I need the lines below from the one with "Bangalori semi silk" down to the one with "Présentation proposée pour" reproduced exactly, both ends included, and nothing else.

• [Record extracts]
________________________

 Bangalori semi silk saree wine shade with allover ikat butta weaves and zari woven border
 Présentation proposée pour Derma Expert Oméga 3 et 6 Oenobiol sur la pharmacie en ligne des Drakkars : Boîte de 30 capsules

________________________

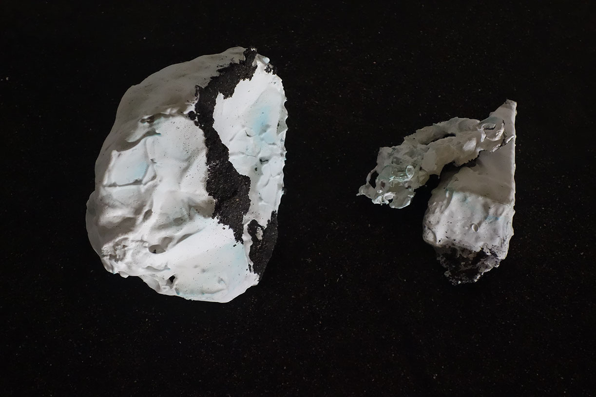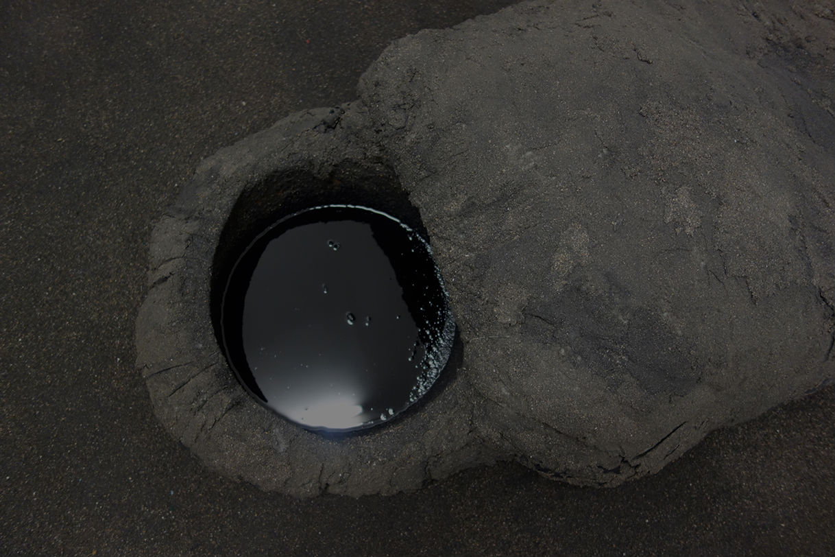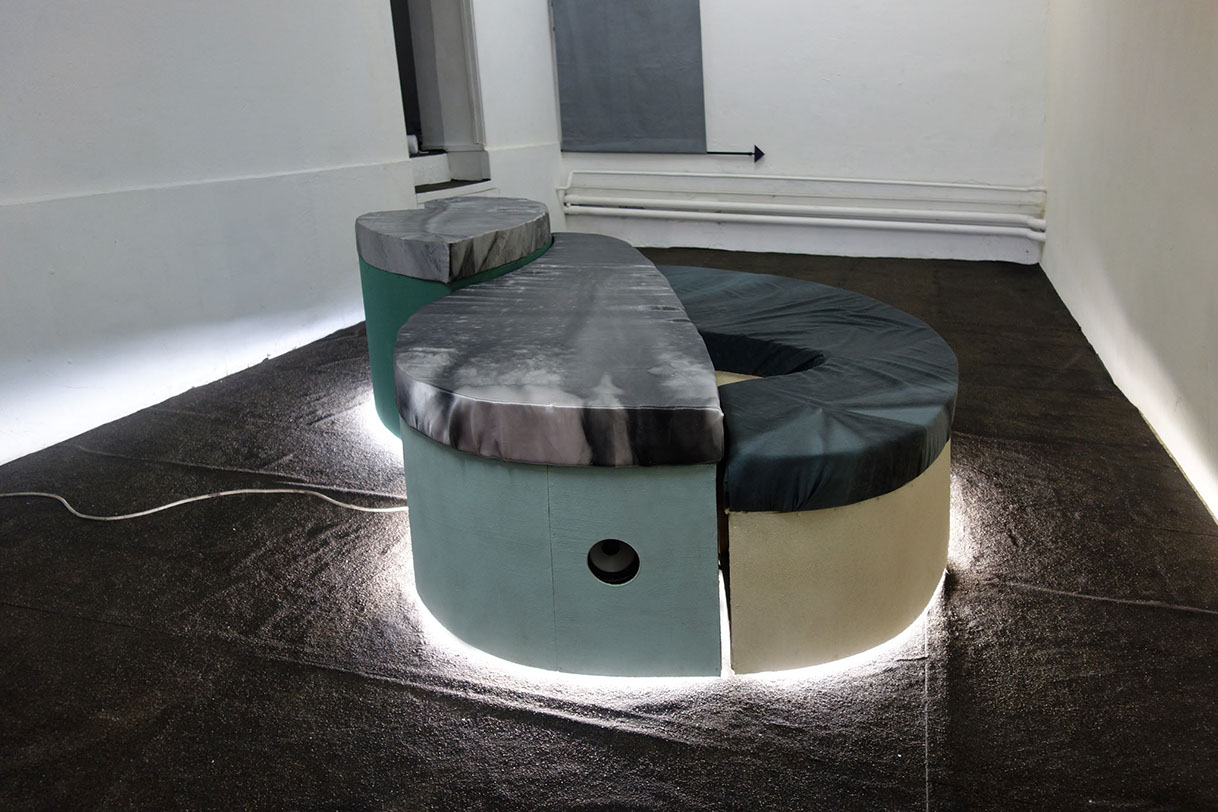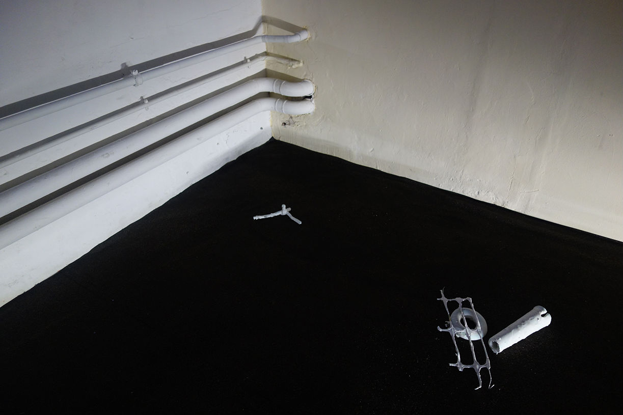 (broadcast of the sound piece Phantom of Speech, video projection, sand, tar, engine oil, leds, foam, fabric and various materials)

________________________

• [Task answer]
 Bangalori semi silk saree wine shade with allover ikat butta weaves and zari woven border
 Présentation proposée pour Derma Expert Oméga 3 et 6 Oenobiol sur la pharmacie en ligne des Drakkars : Boîte de 30 capsules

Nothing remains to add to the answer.